Lors d’une marche pour une meilleure prise en charge de l’endométriose, à Paris, le 24 mars 2018. ALAIN JOCARD/AFP

Le tribunal administratif de Strasbourg a retoqué mardi 24 juin le congé de santé gynécologique instauré en septembre pour les agentes de la ville, estimant que ce dispositif ne pouvait pas être institué par une collectivité, faute de cadre légal.

Le tribunal a annulé les délibérations par lesquelles la ville et l’Eurométropole avaient décidé d’expérimenter ce congé, qui permet aux agentes souffrant de douleurs menstruelles, d’endométriose ou de symptômes de la ménopause de disposer de treize jours annuels d’absence exceptionnelle, sur présentation d’un certificat médical.
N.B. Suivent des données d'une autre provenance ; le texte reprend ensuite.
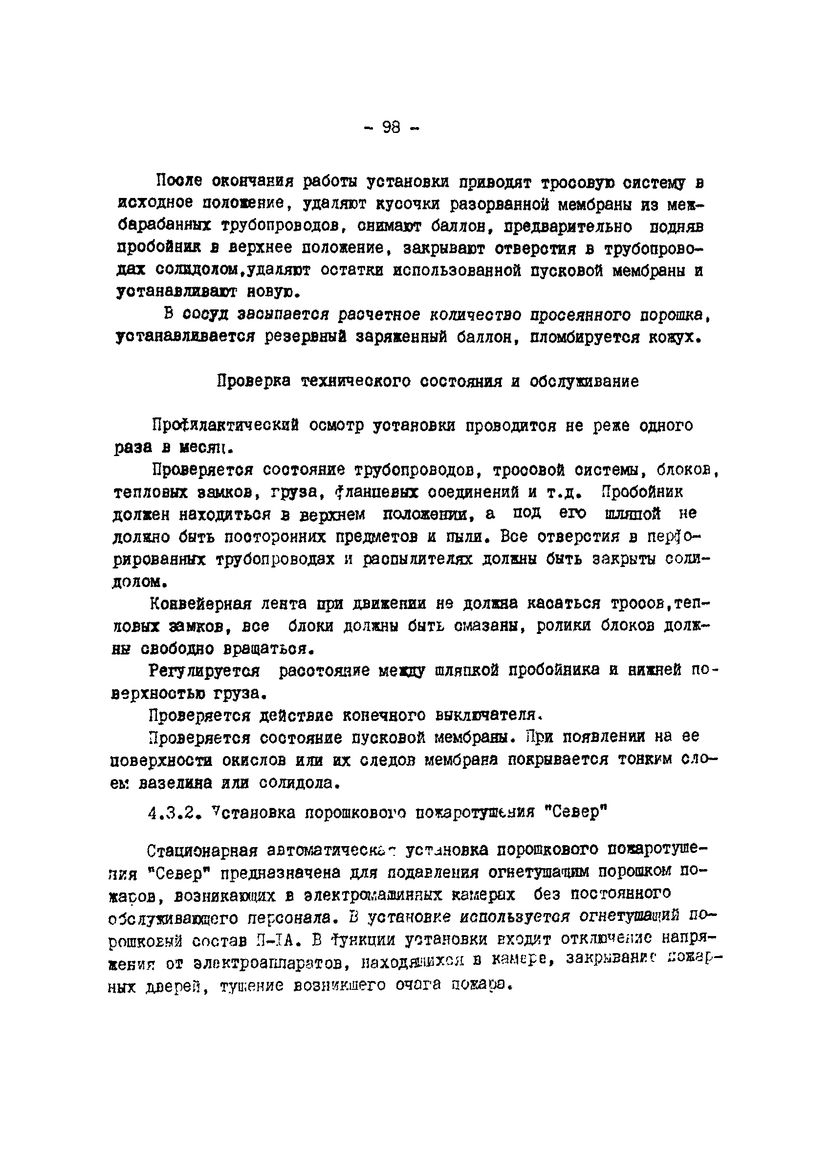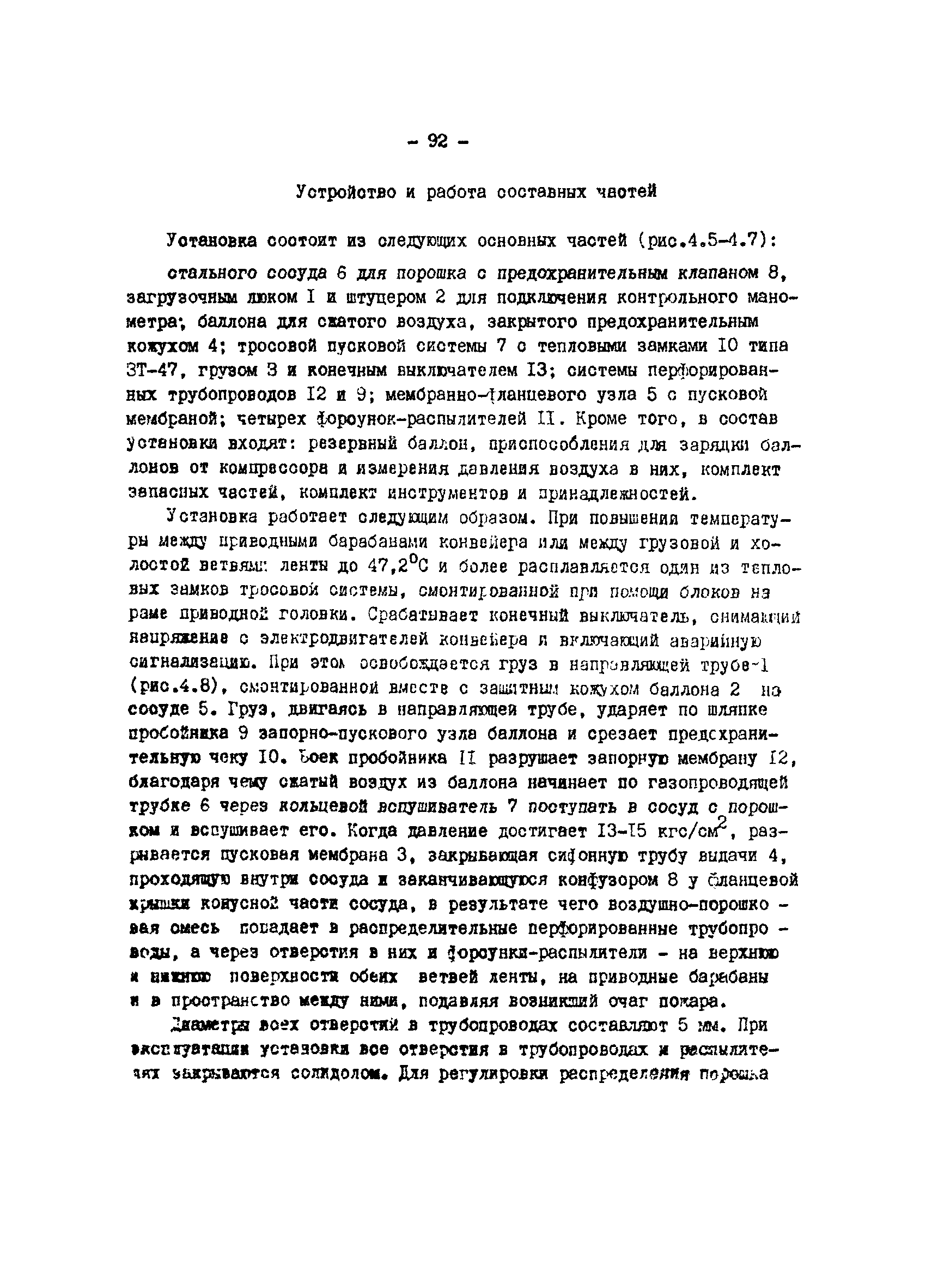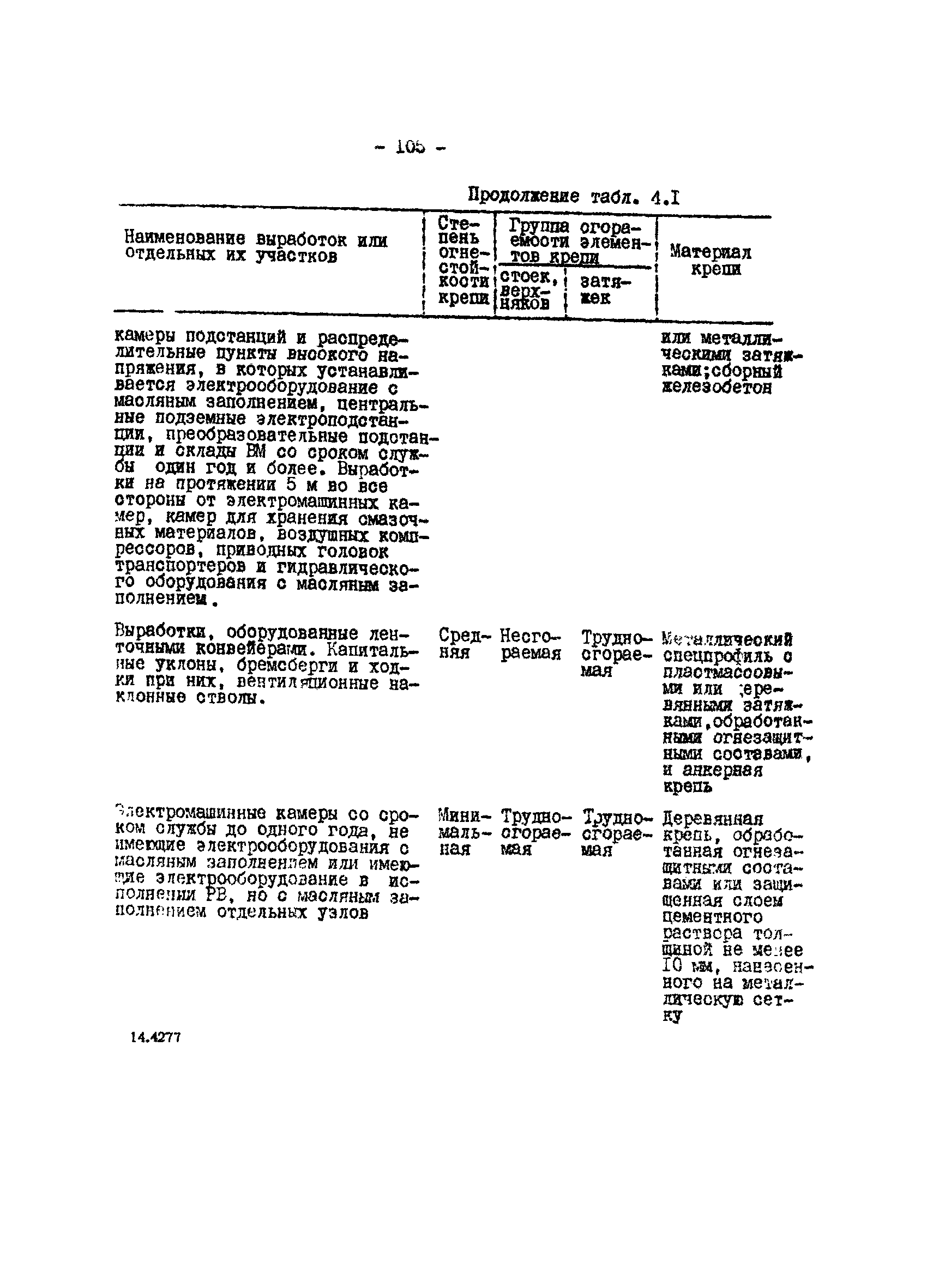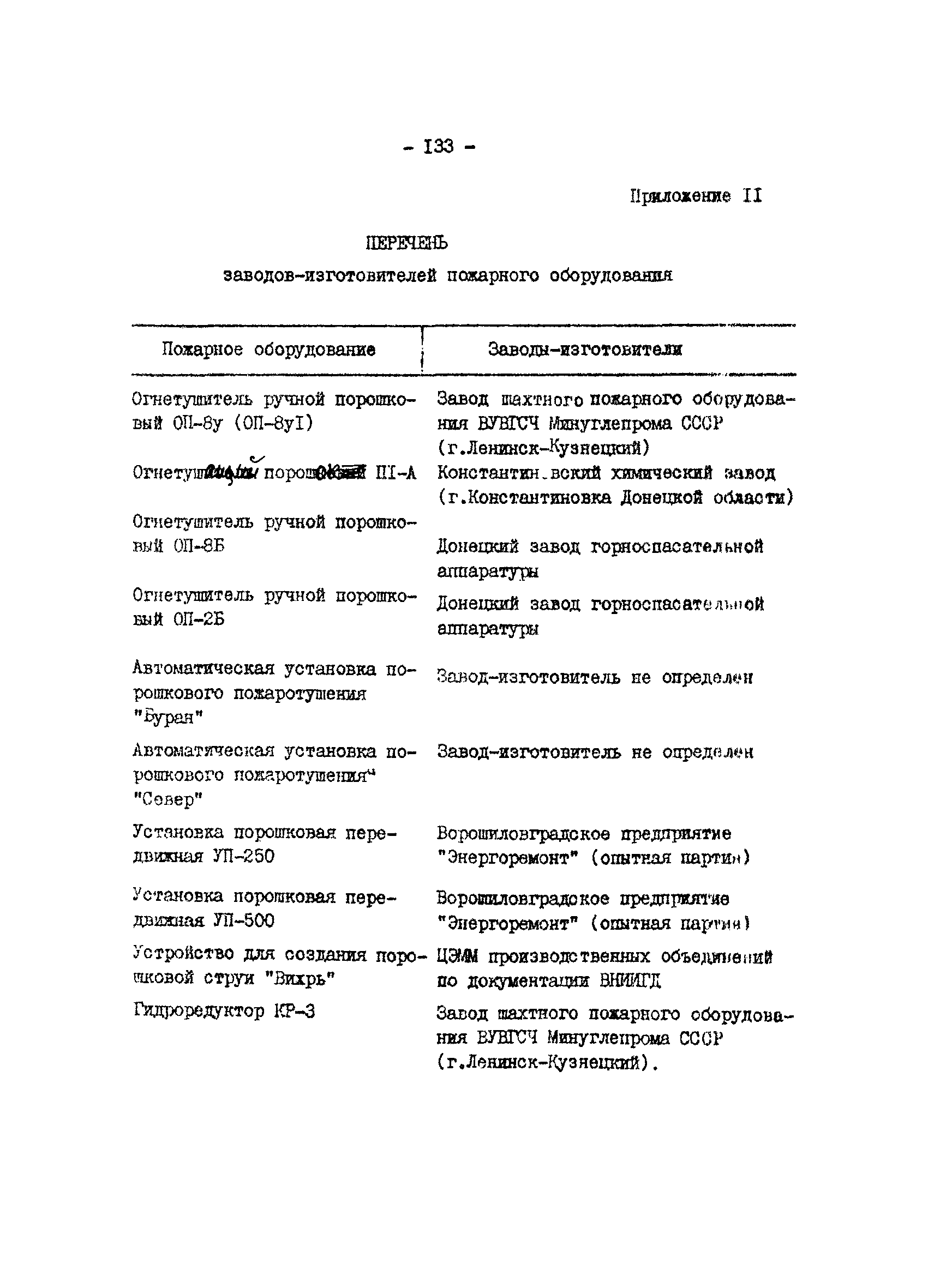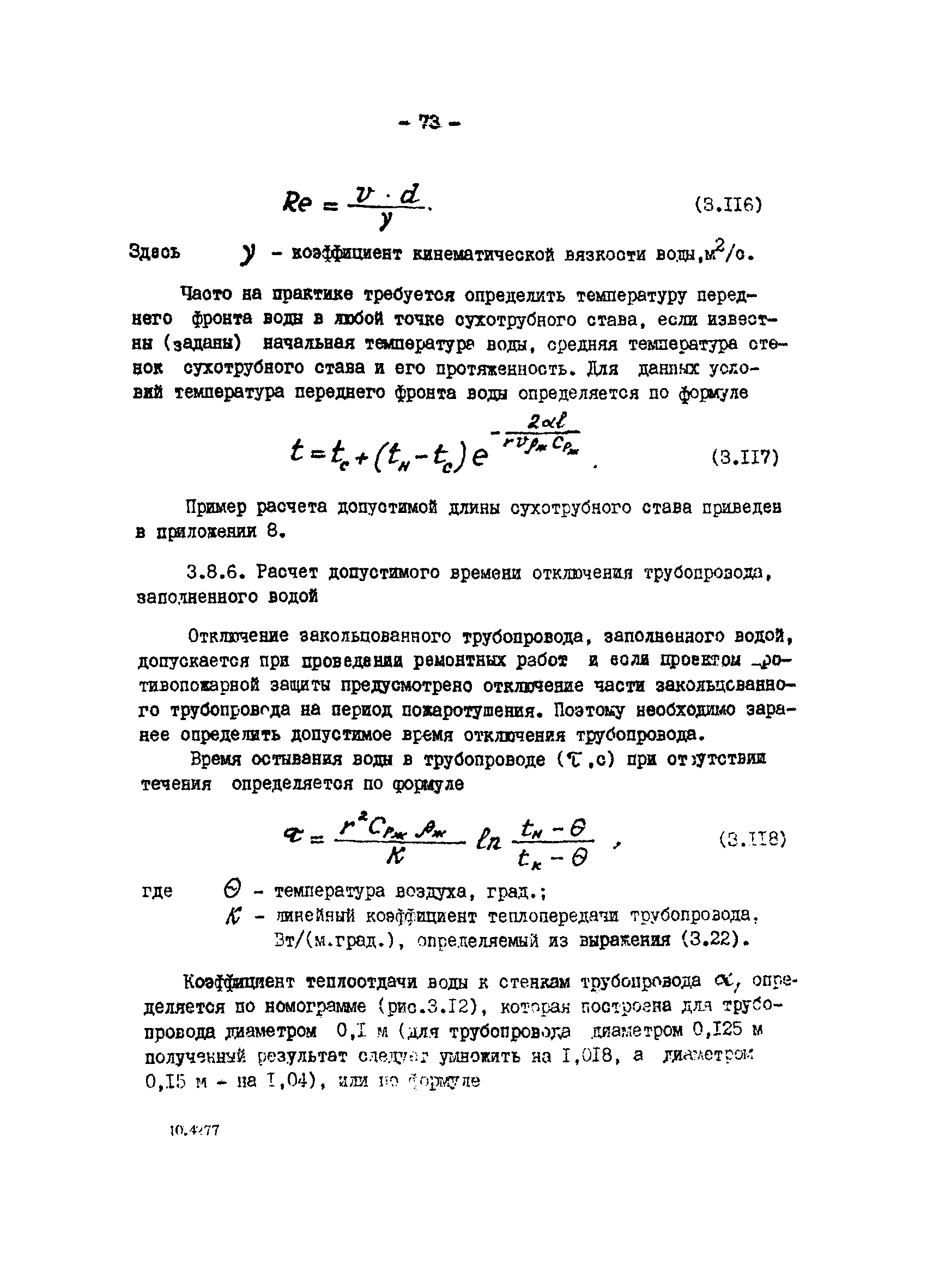 | Оглавление: | 1 Проектирование противопожарной защиты 1.1 Общие положения 1.2 Основные принципы противопожарной защиты шахт 1.3 Содержание проекта противопожарной защиты шахт 1.4 Периодичность и объем проверок состояния противопожарной защиты шахт 2 Противопожарная защита промплощадки шахты и шахтных стволов 2.1 Пожарный водоем и насосная станция 2.2 Пожарный трубопровод на поверхности шахты 3 Подземное пожарное водоснабжение 3.1 Назначение пожарно-оросительного трубопровода 3.2 Требования к прокладке пожарно-оросительного трубопровода 3.3 Схемы прокладки и расчета пожарно-оросительного трубопровода. Общие положения 3.4 Оборудование сети пожарно-оросительного трубопровода 3.4.1 Пожарные краны и задвижка 3.4.2 Повысительные нососные станции, гидроредукторы 3.5 Тепловая изоляция пожарно-оросительного трубопровода 3.6 Электрический обогрев трубопровода 3.7 Методика гидравлического расчета пожарно-оросительного водоснаюжения шахт 3.8 Методика теплотехнических расчетов основных параметров пожарно-оросительного водоснабжения шахт районов Крайнего Севера 3.8.1 Расчет тепловых параметров одиночных шахтных трубопроводов при прямоточном и противоточмом процессах теплообмена 3.8.2 Расчет тепловых параметров шахтных трубопроводов при раздельной их прокладке в горной выработке 3.8.3 Расчет тепловых параметров трубопроводов при совместной их прокладке с общей теплоизоляцией 3.8.4 Расчет тепловых параметров трубопровода при использовании электрокабельного подогрева 3.8.5 Расчет предельно допустимой длины сухотрубных ставов 3.8.6 Расчет допустимого времени отключения трубопровода, заполненного водой 3.8.7 Расчет мощности электрокабельного подогрева сухотрубных ставов 3.8.8 Определение оптимальной толщины теплоизоляции циркуляционного трубопровода 4 Противопожарная защита горных выработок и камер 4.1 Общие положения 4.2 Первичные средства пожаротушения и нормативы их размещения 4.2.1 Огнетушитель ручной порошковый ОП-8у 4.2.2 Огнетушитель порошковый ОП-8Б 4.2.3 Огнетушитель порошковый ОП-2Б 4.2.4 Нормативы размещения первичных средств пожаротушения в горных выработках и камерах 4.3 Автоматические установки порошкового пожаротушения 4.3.1 Автоматическая установка порошкового пожаротушения "Буран" 4.3.2 Установка порошкового пожаротушения "Север" 4.4 Пожарные двери 4.5 Требования к огнестойкости крепи горных выработок 4.6 Склады пожарного оборудования 4.6.1 Установки порошковые УП 4.6.2 Устройство для создания порошковой струи "Вихрь" Приложение 1. Титульный лист проекта противопожарной защиты Приложение 2. Пример гидравлического расчета пожарно-оросительного водоснабжения шахт Приложение 3. Пример расчета тепловых параметров одиночных шахтных трубопроводов Приложение 4. Пример расчета тепловых параметров трубопроводов при раздельной прокладке в горной выработке Приложение 5. Пример расчета тепловых параметров труобпроводов при совместной их прокладке в обшей теплоизоляции Приложение 6. Пример расчета тепловых параметров трубопровода при прокладке в нем греющего кабеля Приложение 7. Пример расчета тепловых параметров трубопровода при наложении греющего кабеля на его поверхности (в общей теплоизоляции) Приложение 8. Пример расчета допустимой длины сухотрубных ставов Приложение 9. Пример расчета времени остывания воды в трубопроводе при отсутстви

La préfecture du Bas-Rhin avait attaqué ce dispositif devant la justice administrative, faisant valoir que la création de ce congé, sous la forme d’une autorisation spéciale d’absence (ASA), était « dépourvue de toute base légale ». Le tribunal lui a donné raison mardi.
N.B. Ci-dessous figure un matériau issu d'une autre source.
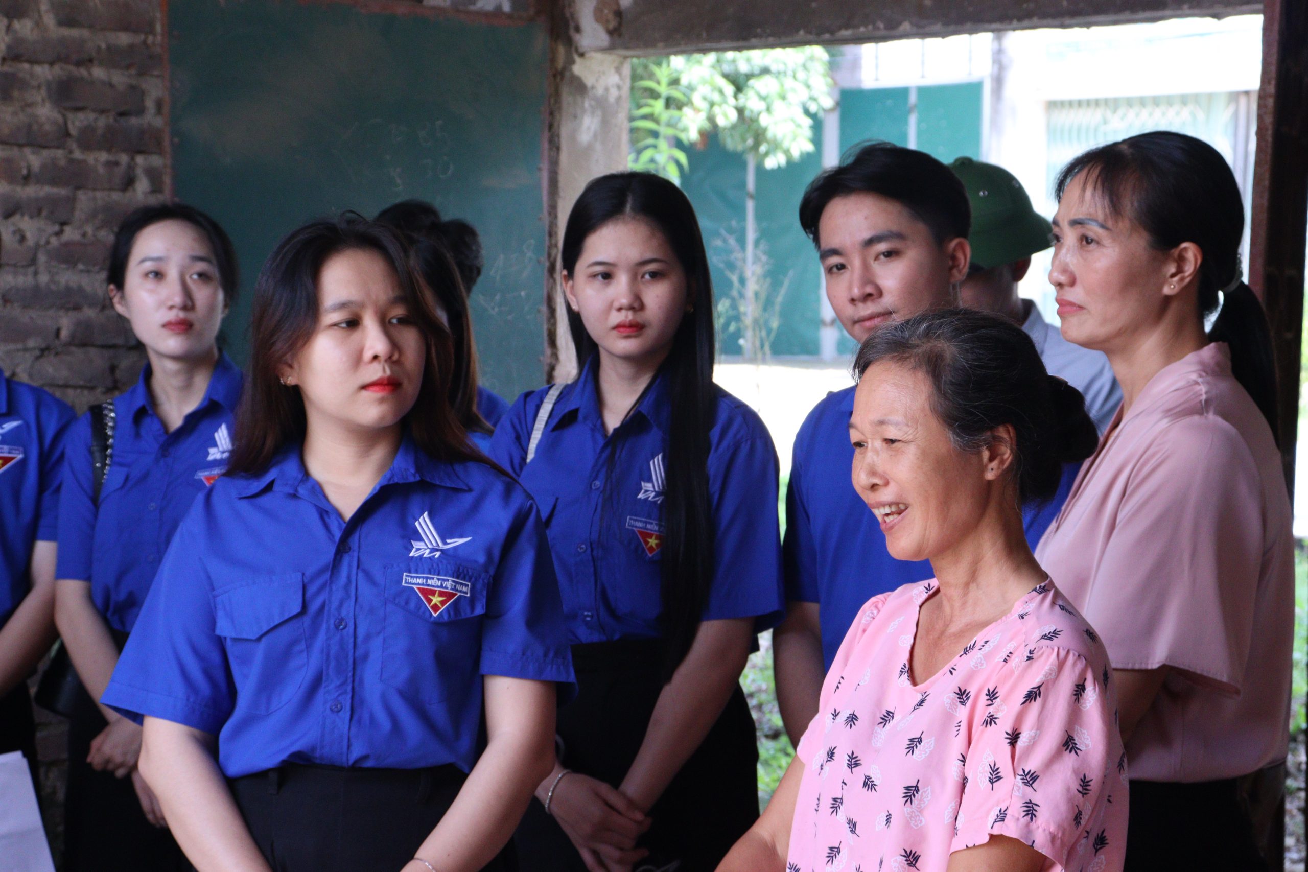 Tuổi trẻ Học viện Hàng không Việt Nam trao gửi yêu thương và niềm tin đến người dân xã Ngọc Thiện – nơi chịu thiệt hại nặng nề sau cơn bão Matmo. (Ảnh: ĐTN-HSV)

« C’est une grande déception », a déclaré à l’Agence France-Presse (AFP) la maire de Strasbourg, Jeanne Barseghian (Les Ecologistes), qui a annoncé faire appel de cette décision. En attendant, la possibilité de prendre des jours de congé de santé gynécologique est suspendue mais l’aménagement des conditions de travail et la sensibilisation des manageurs, autres volets du dispositif, se poursuivent.